• _The problem_:
Would you print exactly the lines that begin the listing and continue through the line holding "若論文重復率高于 20 % 的話,則直接取消學位。"? No pictures, please.

• _Material for this task_:

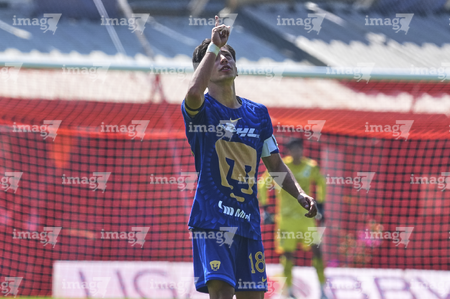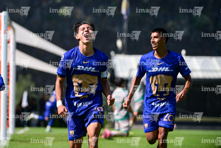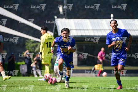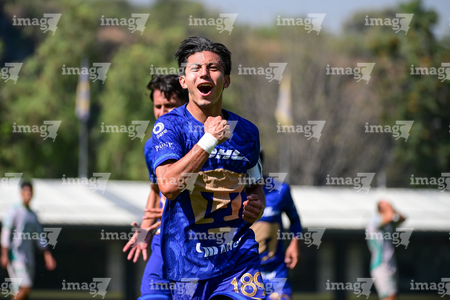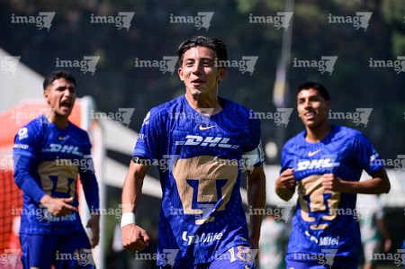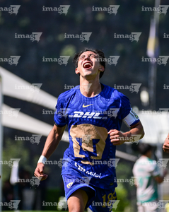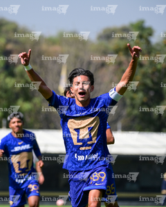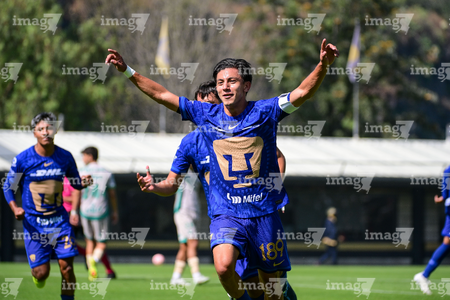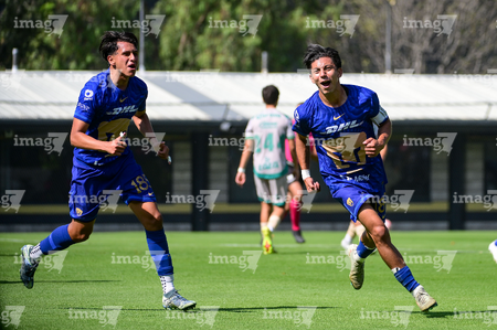 Ciudad de México, 03 de diciembre de 2025. Norberto Jimenez en festejo de gol, durante el partido correspondiente a la final de ida del torneo Apertura 2025 de la Liga BBVA MX categoría Sub21, entre los Pumas de la UNAM y los Guerreros del Santos Laguna, realizado en Cantera. Foto: Imago7/ Alexis Chavez
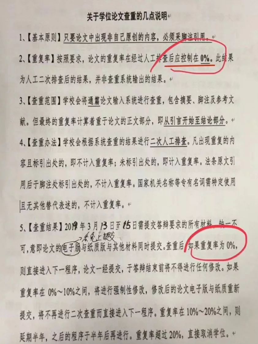 若論文重復率高于 20 % 的話,則直接取消學位。
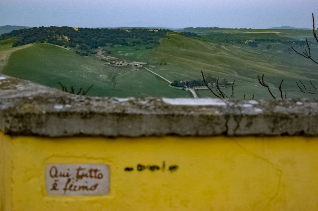 Another colour, however, was to soon swallow my vehicle: muddy brown. In my joyous teary state, I had left the main road and was headed towards Norchia. 1.5km. At this point I was not alarmed that I was on a narrow road between two large orchards: these abandoned sites are often found on little historical islands surrounded by farming land. The first sign of alarm, however, did come as I crossed into the dirt road and traversed my first pothole. A Fiat 500 is a wonderful little city car. Not so wonderful for off-road driving. The road had essentially become a series of mini ponds that got progressively deeper. I know. I know! The logical reader is thinking: why didn’t you turn back? Well, you clearly are not acquainted with my stubborn sense of determination. You are, after all, talking to the crazy girl who quit her job in the middle of a pandemic. Fact: I did not turn back. Also fact: the third pothole got me. As I edged in I knew that I had hit my limit. Perhaps hit is not the right work. I was sunk. This was not your regular Australian bush pothole. It was an Italian sinking pit! Being the milennial that I am I Googled “how to unbog a car”. It suggested reversing out. Logical enough, but I had tried that and had plunged further in. It was at the point that I saw the car sloping and felt muddy water tickling my feet that I decided to abandon ship.
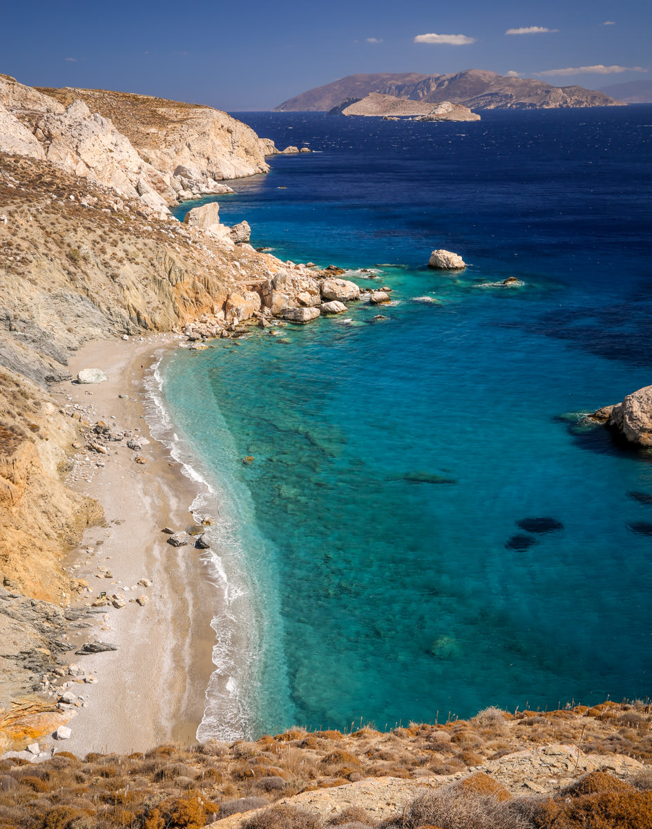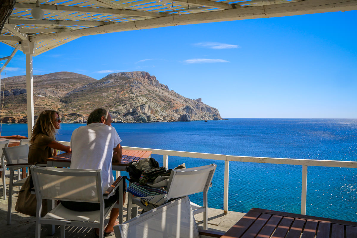 Definitely make the hike from Agkali beach to  Agios Nicholaos beach and have the perfect lunch at the stunning Papalagi restaurant overlooking the church and beach.
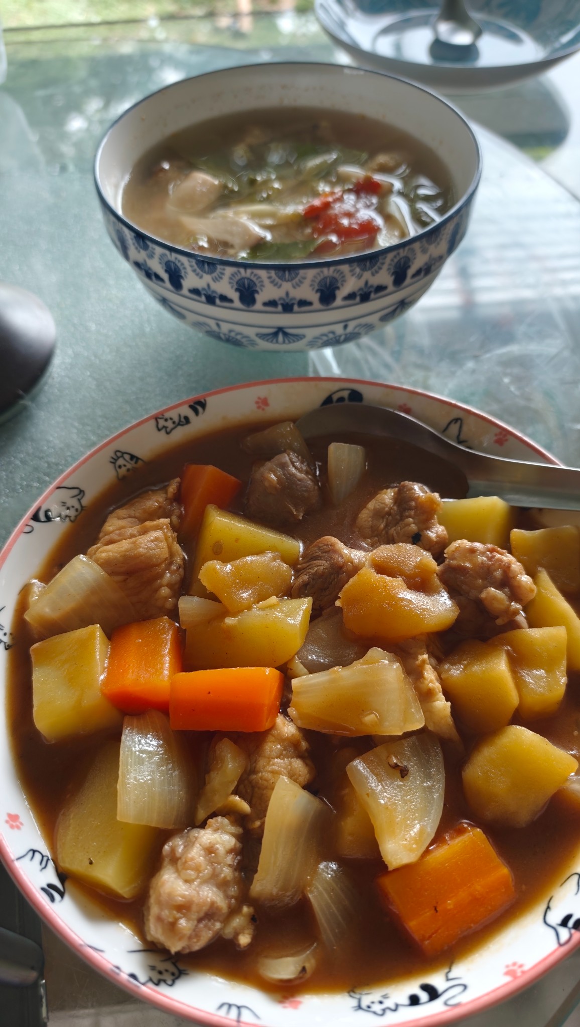 วันนี้เอารูปมาโชว์เพื่อนๆสมาชิกอย่างเดียวเลย วิธีการทำ ทำตามหลังกล่องแกงกระหรี่สำเร็จรูปที่ซื้อมาเลยครับ มีอีกสองสามรสชาติวันหลังค่อยซื้อมาลองทำอีกครับ
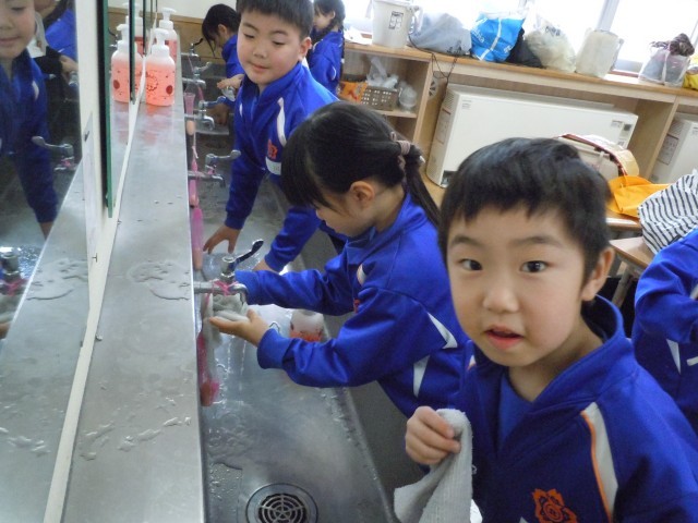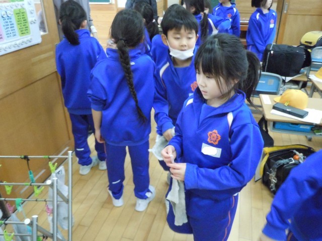机椅子がオープンスペースに出ています。そこでアップデートタイムをして、教室の床を水拭きしています。ぞうきんを冷たい水できれいに洗って片付け、帰る準備です。いつもと違う様子に何だか楽しそうです。この後、ワックスがかけられるので、月曜日、床がピカピカになっていると思います。
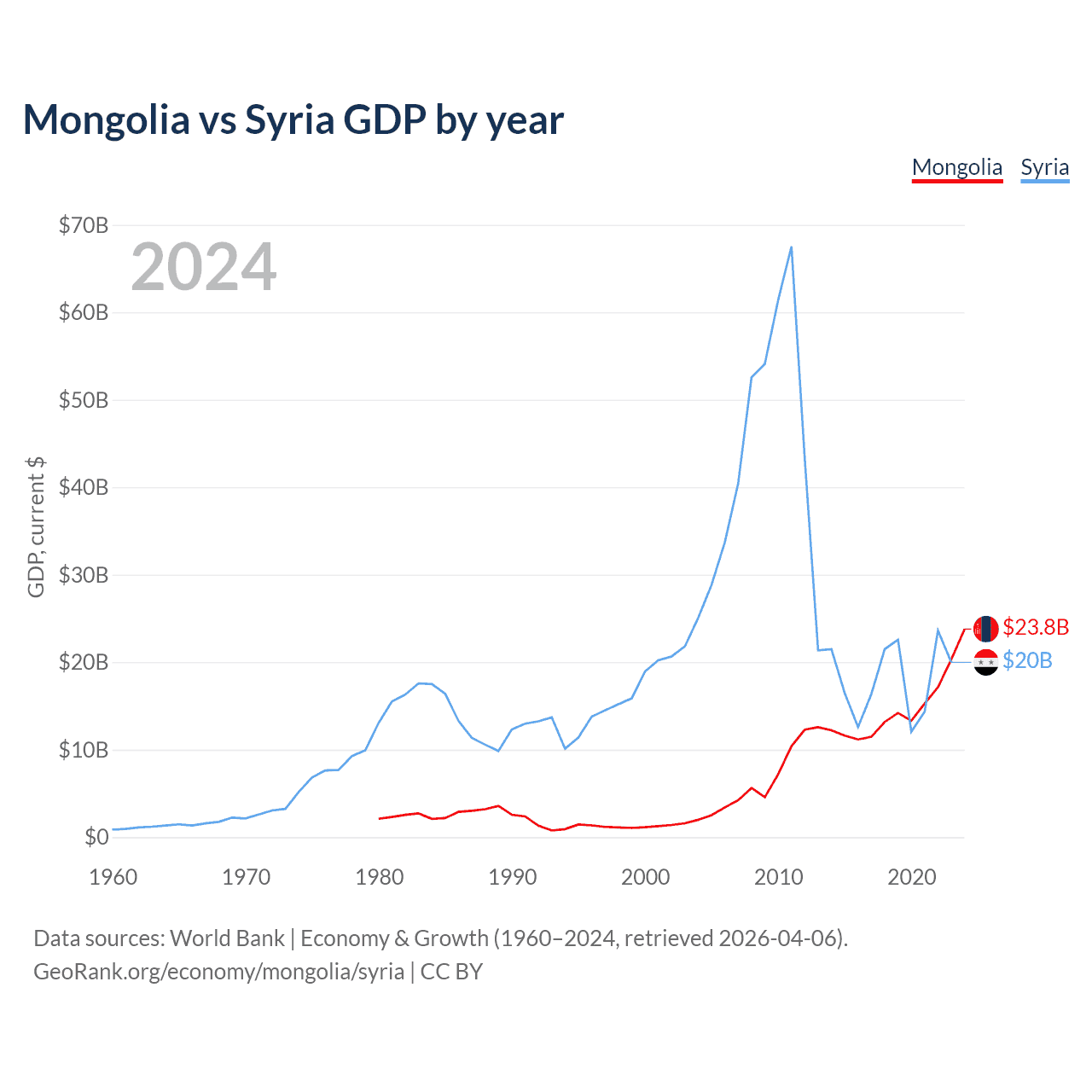 Mongolia vs Syria GDP by year

• _Your solution_:
 Ciudad de México, 03 de diciembre de 2025. Norberto Jimenez en festejo de gol, durante el partido correspondiente a la final de ida del torneo Apertura 2025 de la Liga BBVA MX categoría Sub21, entre los Pumas de la UNAM y los Guerreros del Santos Laguna, realizado en Cantera. Foto: Imago7/ Alexis Chavez
 若論文重復率高于 20 % 的話,則直接取消學位。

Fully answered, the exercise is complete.